Oct 15, 2017

The Greatest Story Ever Written - Part 5
                                                                    Judy Meadows taking over for Rebecca Grace
               
So Nick’s mother knew he was writing romance. And she wasn’t laughing at him. She even seemed to find his writing to be…well…interesting. Wow.

But now she was standing in front of him with her hands on her hips and that FBI interrogator’s expression he remembered from his teenage years. “So what are you doing with Clarisse Heartfelt’s purse?”

Clarisse, who was leaning against the kitchen counter, cleared her throat. She said, “Start with the truth, kid. I’ll think of something.”

Nick kept his eyes on Clarisse as he began his explanation. “Well, I was talking to Clarisse after the convention…”

His mom raised her clenched hands to her chest. “Oh my gosh, you met Clarisse Heartfelt?”

“Yes, mom, and she was really nice.” Well, that was a fib.

Clarisse grinned. The expression on her usually arrogant face almost did look nice. “Tell her I gave you the manuscript. Tell her it was my dying wish that you should finish it for me. In fact, you can tell the whole world that. It’s entirely plausible, you know: you were seen with me when I was dying. Someone probably even took a picture of you bent over me with your lips on mine.”

“Okay,” he said doubtfully, and he passed that explanation on to his mom.

Amazingly, she accepted his story. “I can’t believe you met Clarisse Heartfelt and she actually entrusted you to finish her last novel. Wait ‘til I tell Theresa.” She went off to call her sister, and Nick headed for his room.

Clarisse beat him there. He found her sitting on the edge of his bed when he opened the door. “Good job,” she said. She had the pink bag with her. She opened it and began spreading papers out on the bed. “Okay, now we have to get down to work. We have a novel to finish.”

“What do you expect me to do? You’ve written dozens of novels without any help from me.”
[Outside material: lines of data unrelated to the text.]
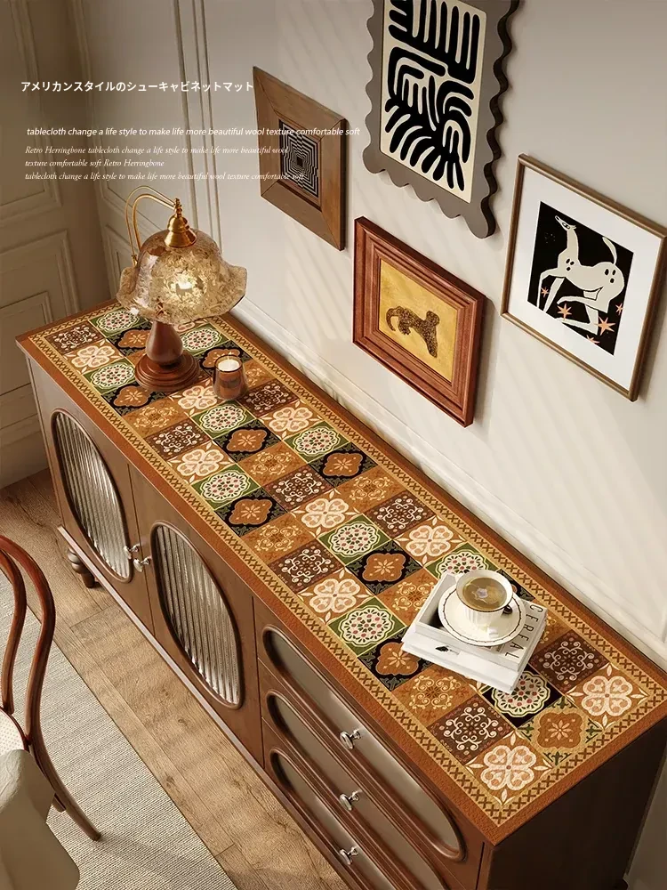 アメリカンレトロシューキャビネットマット - 防水&防油仕様、洗濯不要!テレビキャビネットやサイドボードのテーブル保護に最適な長方形テーブルマットで、スタイリッシュなインテリアを演出します。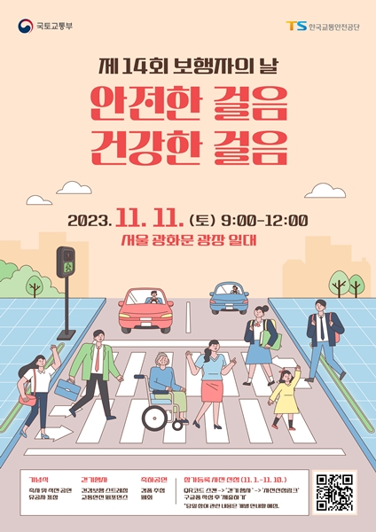 [아유경제=송예은 기자] 국토교통부(장관 원희룡ㆍ이하 국토부)는 제14회 `보행자의 날`을 맞아 오는 11일 서울 종로구 광화문광장에서 기념식을 개최한다고 밝혔다. 보행자의 날은 2010년 「지속가능 교통물류 발전법」에 따라 제한적인 에너지의 위기 도래, 환경보호 요구에 대응하고 국민건강을 증진시킬 수 있는 걷기의 중요성을 확산하기 위해 제정한 국가기념일이다.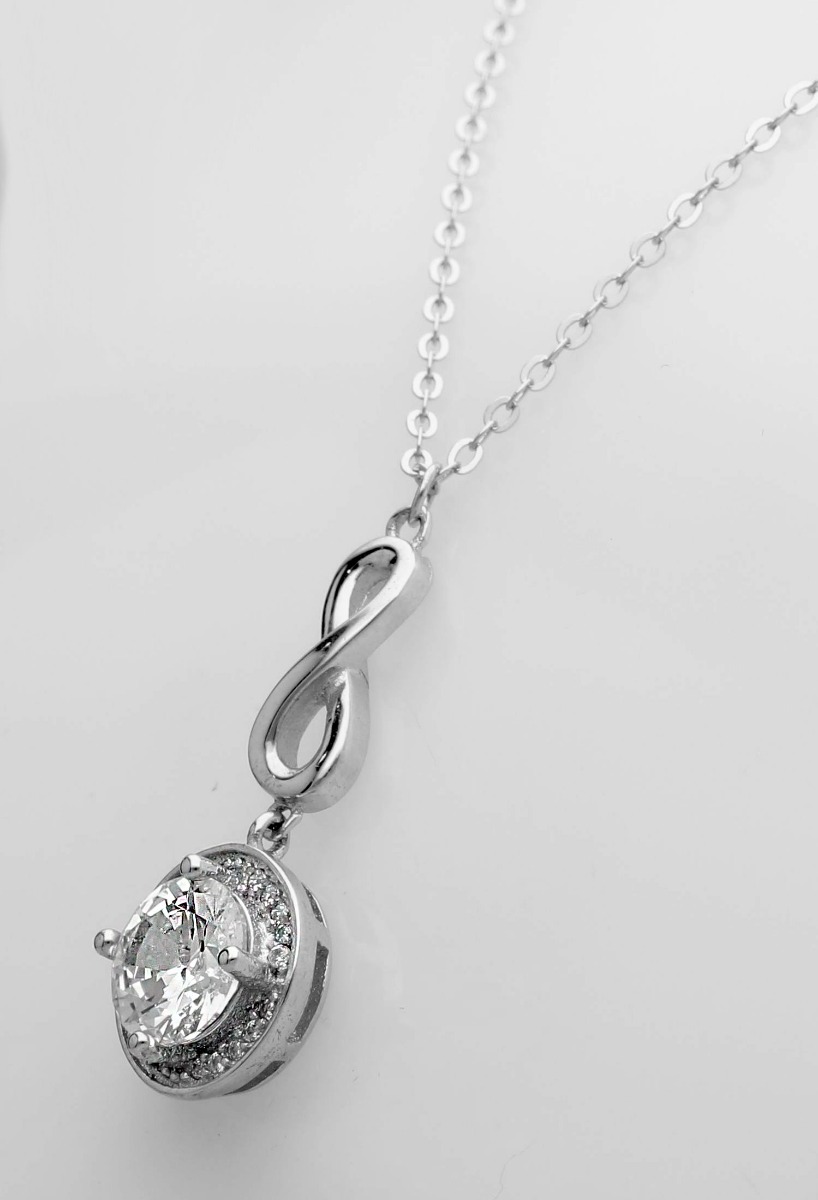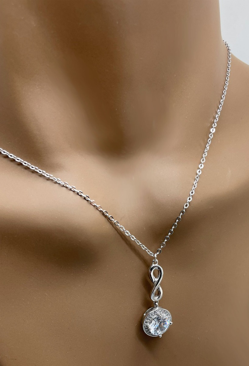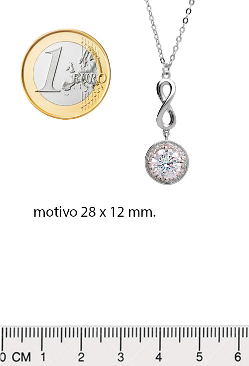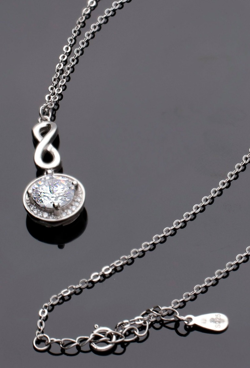 Gargantilla plata motivos símbolo de infinito y colgante con gran circonita, cadena fina de eslabones con cierre de seguridad tipo reasa de la que cuelga un precioso motivo en forma de símbolo de infinito y motivo circular con gran circonita orlada por circonitas más pequeños, este motivo simboliza lo eterno y es un clásico regalo de enamorados, es toda una declaración de intenciones, símbolo del amor eterno.

“Yes, I have, and they were darned good ones too, but it seems that, since my unfortunate demise, the keyboard no longer recognizes my touch.”

“Oh, yes, I see… So you want to dictate the rest of the story to me?” That wouldn’t be too hard.

“Well, yes, I’ll be doing some of that. But parts of the book are eluding me. You may be the perfect person to give me some help.”

“Me?”

Clarisse took a deep breath and let out a longsuffering sigh. “Yes, you. I’m having trouble infusing my hero with the kind of passion my readers expect. He’s not my usual rich, handsome, alpha guy. This one is good-looking—which you are too, by the way, except maybe for that schnoz of yours—but he’s kind of meek and nerdy like you. I need you to describe the deep, passionate feelings and thoughts that are coursing through you when you’re fumbling through an encounter with a girl.

Nick blushed. She thought he was handsome. But she also thought he was a nerd and that his nose was too big. Well, she was right about the nose… Come to think of it, she might be right about the nerdiness too.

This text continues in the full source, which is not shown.